Editorial
Austin J Psychiatry Behav Sci. 2014;1(1): 1004.
Neuro in Psychiatry: Past, Present, Future
Joseph Zihl*
Department of Psychology - Neuropsychology, University of Munich, Germany
*Corresponding author: Joseph Zihl, University of Munich, Department of Psychology - Neuropsychology, Leopoldstrasse 13, D-80802 München, Germany
Received: January 20, 2014; Accepted: February 24, 2014; Published: March 05, 2014
“We are back where Griesinger started ... it is time again to challenge our neuroscientific understanding with the task of explaining mental disorders as a product of brain structure and function interacting with personal and social experience”. With this statement, Caine & Joint [1] opened their plea for the greater⁄ broader inclusion of neuroscience in psychiatry. About 100 years before, Griesinger [2] came to the then surprising, although justified, conclusion that the integrity of mental processes is bound to the integrity of the brain, which is the “seat” of normal as well as pathological mental processes. In line with this tradition, Kraepelin [3] argued for the importance of psychology in psychiatry, which he defined as a unique and valid experimental methodology for assessing mental disorders. He suggested that such research should not only contribute to a better understanding of mental functions and their impairments, but also to the progress in “psycho-pathological” diagnostics. “Psychopathology” in Kraepelin's view did not only comprise psychopathological symptoms in their contemporary definition, but also cognitive dysfunction.
Neuropsychology is a branch of clinical and behavioral neuroscience; its main activity is the investigation of consequences of brain dysfunction on mental processes and their behavioral manifestations. It specializes in the quantitative and qualitative assessment of disorders in perception, attention, memory, executive function, action, language, emotion and motivation that result from congenital or acquired alterations in the brain, and in pathological states of the brain, including depression, schizophrenia, anxiety and personality disorders [4]. Furthermore, neuropsychology continues to broaden in scope, in parallel with developments in the many areas embraced by the term “the neurosciences” (e.g., brain imaging, genomics) and translational sciences (e.g., health care); at the same time, research and practice has become more evidence-based [5,6].
Mental disorders, such as depression, schizophrenia and dementia, are major topics in neuropsychological research and practice [7,8]. Moreover, despite significant advances in neuroimaging, neuropsychology will keep its unique role in assessing mental capacities and disorders [9]. Keefe [10] has pointed out that, in addition to proving brain–behavior relationships in psychiatric disorders as well as improving our understanding of the relationship between mental dysfunction and psychopathological symptoms, neuropsychological tools may also “serve to identify cognitive predictors of course of illness and discriminate among heterogeneous forms of some psychiatric disorders” (p. 6). For example, we now know that reduced cognitive performance may persist in a subgroup of patients even after depressive symptom amelioration by antidepressants [11,12] and, that cognitive dysfunction may representa marker for response to pharmacological treatment and the risk of recurring depressive episodes [11,13]. Thus, novel antidepressant treatments may also target cognitive improvement [14].

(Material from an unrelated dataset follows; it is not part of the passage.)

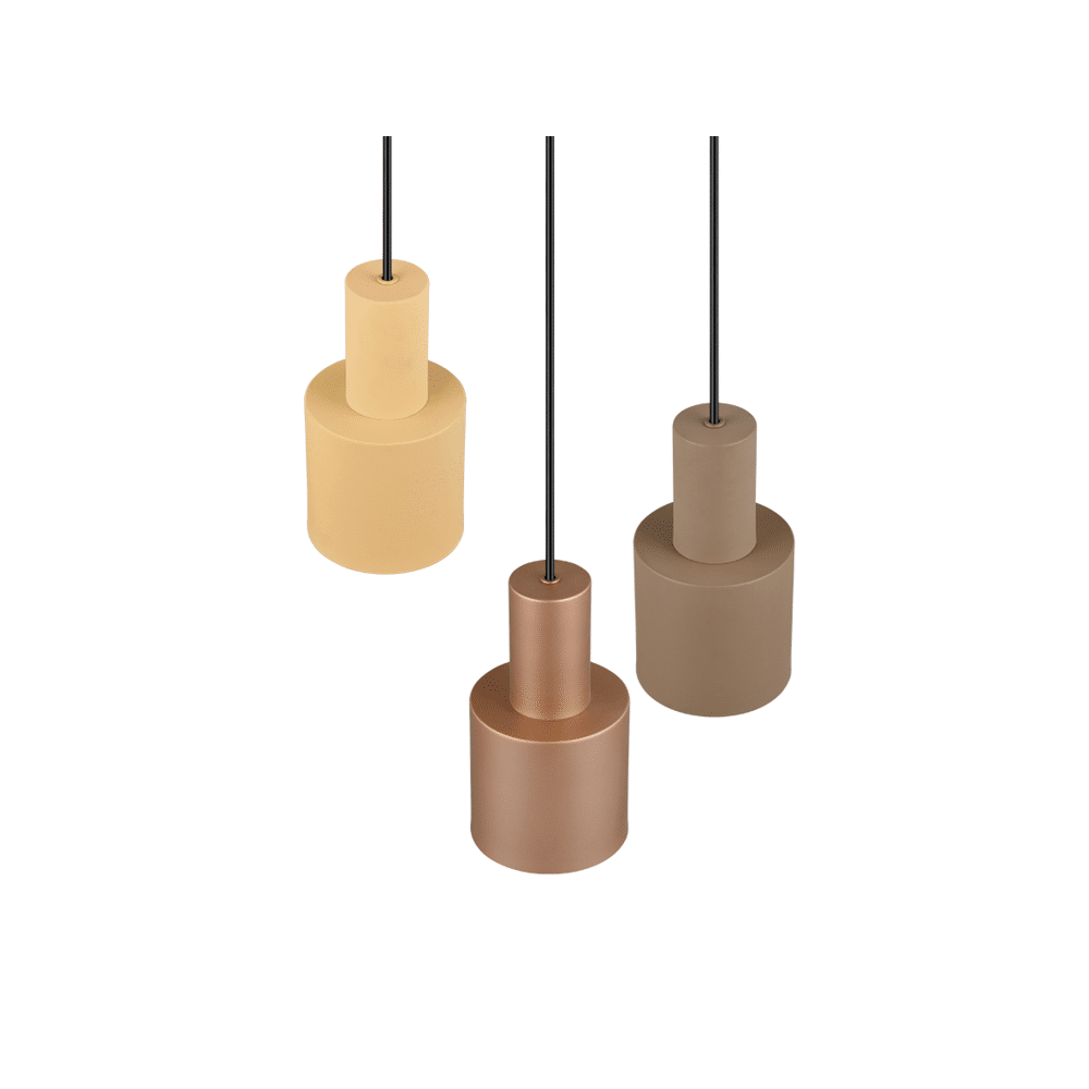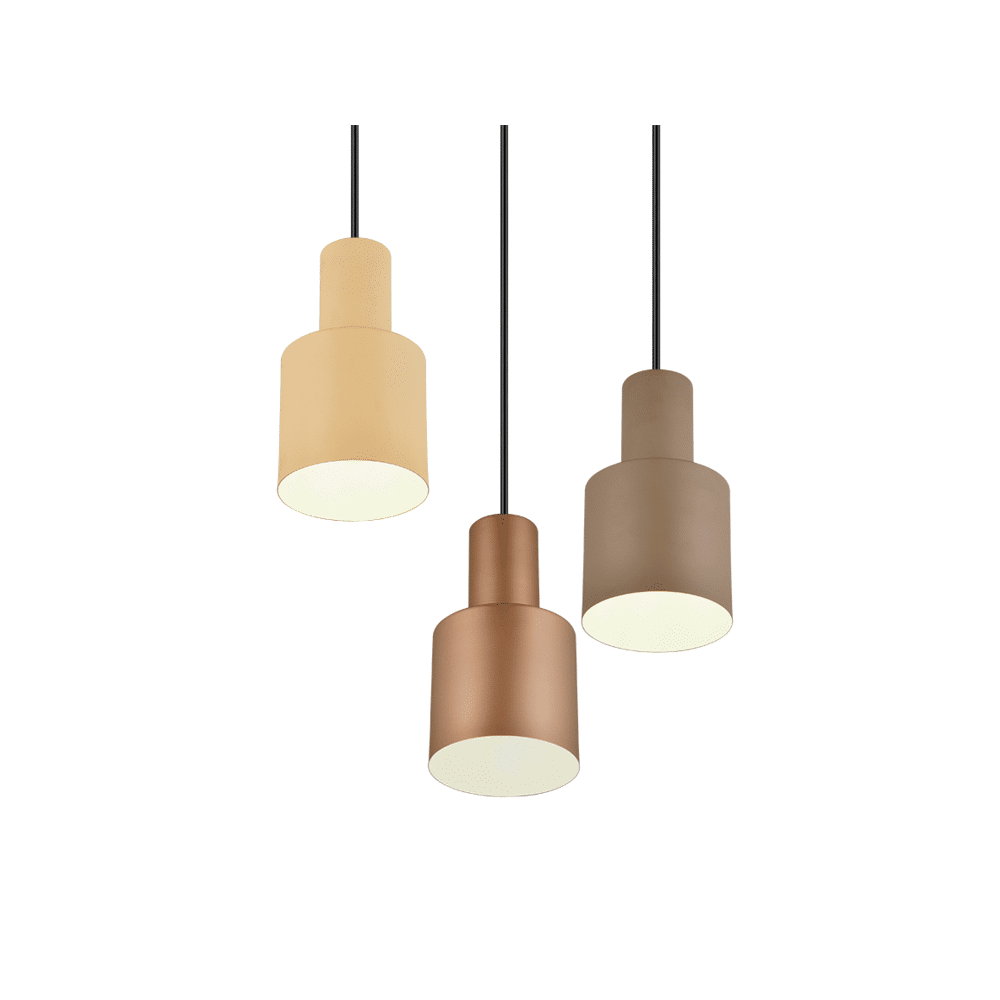 De lamp heeft een unieke uitstraling dankzij de gedempte kleuren en de matte metalen afwerking van de lampenkappen. Dit ontwerp maakt de AGUDO hanglamp tot een stijlvol en opvallend element in je woonkamer of eetkamer. Het biedt een warme lichtbeleving en verbetert de algehele sfeer van je ruimte.

Another point worth considering is that, while good discrimination between subtypes of psychiatric disorders on the basis of dissimilar cognitive patterns may be possible, searches for similarities may provide insights into what lies the other side of the coin. Given the extensive and prominent networking in the brain, it is not surprising to also find overlapping patterns of cognitive dysfunction [10], as shown, for example in depression and schizophrenia, which may be seen as disorders with a final common pathway [15,16]. Thus, consideration of both specific and common cognitive disorders may help to elucidate the nature of the functional organization of systems for cognition, emotion/mood and motivation by associating and dissociating these functions in pathological states of the brain [17]. Neuropsychiatry remains “an amalgam of psychiatry, neurology, and neuropsychology” [1]; its “foundation rests upon the relationship between the brain and behavior” [18]. Thus, Psychiatry and Behavioral Science are intimately interconnected, and should not be pursued separately, neither in research nor in practice. In this sense, neuropsychiatry “is essentially a collaborative and integrative enterprise” and is focused on the assessment and treatment of patients with brain dysfunction [19]. I look forward to helping the Austin Journal of Psychiatry and Behavioural Science to steer this enterprise.